A *blocked algorithm* executes on a large dataset by breaking it up into many small blocks/chunks.

For example, consider taking the sum of a billion numbers.  We might instead break up the array into 1,000 chunks, each of size 1,000,000, take the sum of each chunk, and then take the sum of the intermediate sums.

We achieve the intended result (one sum on one billion numbers) by performing many smaller results (one thousand sums on one million numbers each, followed by another sum of a thousand numbers.)

## `dask.array` contains these algorithms

`dask.array` implements a subset of the NumPy ndarray interface using blocked algorithms, cutting up the large array into many small arrays. This lets us compute on arrays larger than memory using multiple cores. We coordinate these blocked algorithms using Dask graphs. Dask Array's are also lazy, meaning that they do not evaluate until you explicitly ask for a result using the compute method.

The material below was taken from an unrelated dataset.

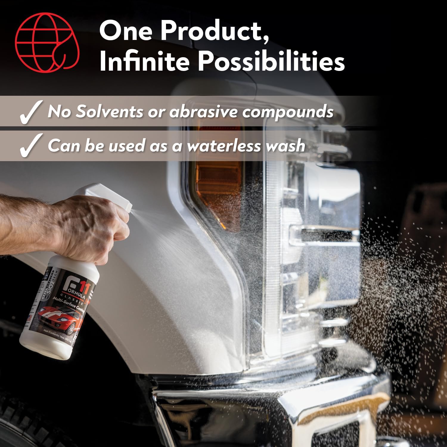 • Water-Based: Car wax alternative spray contains no solvents or abrasive compounds. With a water-based formula, F11 replaces waxes, polishers, sealers, and even washes

### Create `dask.array` object

If we want to create a 3D NumPy array of random values, we do it like this:

In [None]:
import dask.array as da
import numpy as np

In [None]:
shape = (600, 200, 200)
arr = np.random.random(shape)
arr

In [None]:
arr.nbytes / 1e9

Now let's create the same array using Dask's array interface.

In [None]:
darr = da.random.random(shape, chunks=(300, 100, 200))

A chunk size to tell us how to block up our array, like `(300, 100, 200)`. 

<div class="admonition alert alert-info">
    <p class="admonition-title" style="font-weight:bold">Specifying Chunks</p>
    There are <a href="https://docs.dask.org/en/latest/array-chunks.html">several ways to specify chunks</a>. In this tutorial, we will use a block shape.


</div>



In [None]:
darr

Notice that we just see a symbolic representation of the array, including its `shape`, `dtype`, and `chunksize`. No data has been generated yet. Let's visualize the constructed task graph. 

In [None]:
darr.visualize()

Our array has four chunks. To generate it, Dask calls `np.random.random` four times and then concatenates this together into one array.

### Manipulate `dask.array` object as you would a numpy array


Now that we have an `Array` we perform standard numpy-style computations like arithmetic, mathematics, slicing, reductions, etc..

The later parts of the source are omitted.